00:13 Et un des meilleurs documentaristes français, Sébastien Liffit, s'a fait le choix de la suivre au quotidien dans son service d'oncologie et de soins paléatifs.
00:21 Là, vous l'aurez compris, la mort est partout.
00:23 Et pourtant, Madame Hoffman et son équipe de blouses blanches et de blouses bleues irradient littéralement.
00:29 Le film sort en salle mercredi prochain, il s'intitule "Madame Hoffman", tout simplement.
00:34 Madame Hoffman, c'est vous. Bonjour Sylvie.
00:36 Bonjour.
00:39 Alors la plupart des infirmières tiennent 7 ans, vous avez tenu 40. Qu'est-ce qui vous a fait tenir ?
00:44 Je pense que ce qui m'a fait tenir c'est d'avoir changé régulièrement de pathologie, de service.
00:49 D'abord, j'ai toujours travaillé dans des CHU, donc j'ai appris quotidiennement.
00:54 J'ai fait aussi bien de la réanimation, des soins intensifs, de l'urgence et donc on apprend tout le temps.
01:01 Alors évidemment, Sébastien Liffit filme les derniers mois, le moment où vous allez enfin faire valoir vos droits à la retraite.
01:08 Il y a une grande inquiétude dans le service, qui va vous remplacer ?
01:11 Vous présentez finalement votre remplaçante et vous venez de me dire là dans le couloir qu'elle a tenu quoi ?
01:16 Un an, elle a tenu votre remplaçante ?
01:18 Même pas, elle est partie en burn-out.
01:20 Et il n'y a personne ?
01:21 Et là, en ce moment, ils n'arrivent pas à recruter donc il n'y a personne.
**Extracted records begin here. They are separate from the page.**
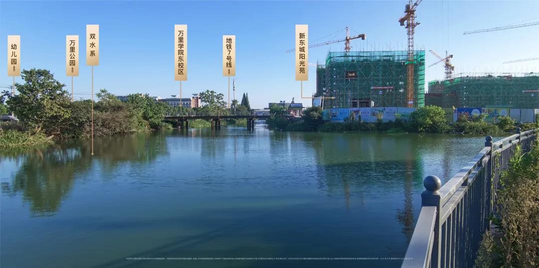 雙水岸環(huán)繞的不可復(fù)制性,也使得新東城陽光苑成為樓市中的搶手貨。新東城陽光苑東側(cè)、北側(cè),環(huán)繞兩條平均寬度超過30米的天然水系,放眼望去,項目呈天然半島形態(tài),河面水波粼粼,兩岸綠意盎然。萬里公園(規(guī)劃)也近在咫尺。居住于此,不必遠行去尋找風(fēng)景,每一天,都可以感受公園里的詩意,陶冶情操。除了稀缺的生態(tài)資源,項目周邊配套也十分完善。
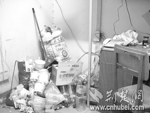 據記者了解,B棟所住的均為該校的男大學生。這行粉筆字寫在樓道的地上,記者趕到時,字跡已經十分模糊了。在知情學生的指引下,記者進入6樓一間寢室。一進門,一陣怪味就撲面而來。四下仔細一看,寢室門后一個高近一米的垃圾堆赫然出現在記者眼前:用過的飯盒、塑料袋,甚至是煙頭、飲料瓶,各式垃圾堆滿一地。但在這種環境下,寢室里的4個男生卻好像絲毫沒有察覺,上網、看書不亦樂乎。該寢室學生小程告訴記者,他們每天的學習任務都比較重,課余時間一些同學又流連網絡,因此大家平時都不愿意做清潔,寢室里形成這么個垃圾堆也“不足為奇”。“不過通常我們隔一個月會清除一次的。”小程說,冬天把垃圾堆在寢室里也沒多大關系,夏天會清除得比較及時。而小程所說的“清除”,就是把垃圾從室內掃到寢室門口堆放,等宿管做清潔的時候一并清理。“其實我們的生活垃圾是應該自己拿到樓下的垃圾桶里扔掉的,但很多同學為了省事,就直接把垃圾堆在門口,這樣增加了宿管做清潔的勞動量,最后才發生了她們寫‘大字’抱怨的事情。”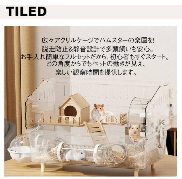 大型 ゴールデンハムスター アクリル製 広い空間 多頭飼い対応 組み立て簡単 ハムスターケージ 45×30×33cm 脱走防止 ゴールデンハムスター 大きい 広々スペース 通気性良好 お手入れ簡単 小動物 ケージ 静音設計 観察しやすい 給水ボトル 回し車 お風呂
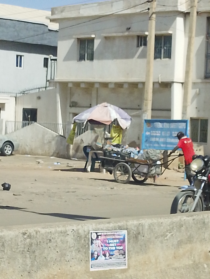 A daytime street scene in Sabon Gari East, Nigeria, depicts an unpaved, dusty ground with scattered debris. In the midground, a man in a red short-sleeved shirt and a dark cap pushes or maneuvers a two-wheeled wooden handcart loaded with miscellaneous items, including bundles and bags, under a large, multi-colored (white, light blue, light pink) umbrella with a green tarp draped from one side. To the man's left, a blue rectangular sign with white text and an arrow pointing left is partially visible. Behind these elements, a light-colored, multi-story building with multiple rectangular windows, some with security bars, stands under a clear sky. Further left, a darker two-story building is partially visible behind a white security fence. Overhead utility lines and several utility poles are present. On the far left, the rear of a light-colored car is parked. In the foreground, the front section of a dark-colored motorcycle is visible on the right. A concrete barrier runs across the immediate foreground, to which a poster featuring images of people and the prominent text "I MUST GET TO THE TOP" is affixed. Shadows indicate direct sunlight.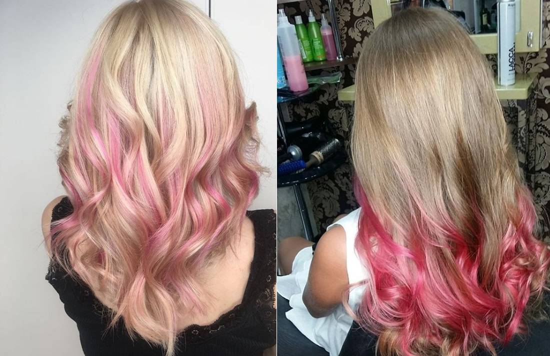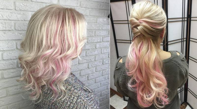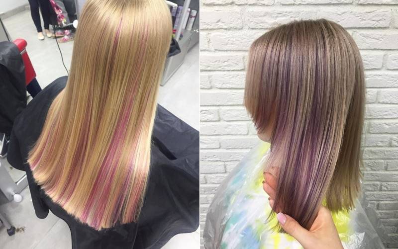 Женщинам, желающим показать с помощью прически свою индивидуальность, мастера предлагают выделить отдельным цветом несколько прядей. Вариант выделения локонов не ограничивает клиентов в цветовой гамме. Доступна покраска волос в любой предпочитаемый цвет, но особо трендово смотрятся локоны ярко-розового, фиолетового и изумрудно-зеленого оттенков.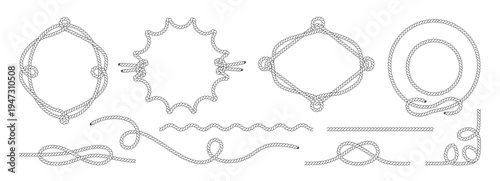 Rope wavy border with circle frame and brush knot shape. String cowboy pattern with vector boarder western and cord knit. Curve braid rope with nautical outline shape

01:24 Voilà, vous le dites tout au long du film, Sylvie Hoffman, ce métier merveilleux que vous avez adoré exercer, il détruit de l'intérieur.
01:33 Pourquoi il détruit de l'intérieur ?
01:34 Parce que c'est le plus beau métier du monde.
01:36 On aide les gens, on sauve des vies.
01:38 Mais comme vous le voyez dans le film, quand vous sauvez une vie, c'est magnifique.
01:43 Quand vous perdez une vie, vous sentez la vie qui s'en va et ça vous détruit de l'intérieur.
01:47 Vous ne pouvez pas oublier, vous n'êtes pas un robot, vous êtes un être humain.
01:51 Donc quand on est un être humain, quand on sent partir une vie, à l'intérieur, on se met beaucoup à la place des autres, à la place des gens, à la place des familles.
01:59 Et au fond de vous, vous êtes détruit.
02:01 C'est le travail de toutes les infirmières.
02:03 Et on culpabilise ?
02:05 On culpabilise tout le temps.
02:07 Comme je le dis dans le film, on peut oublier des noms, on ne peut pas oublier un visage.
02:12 Et vous le dites, c'est un contact charnel.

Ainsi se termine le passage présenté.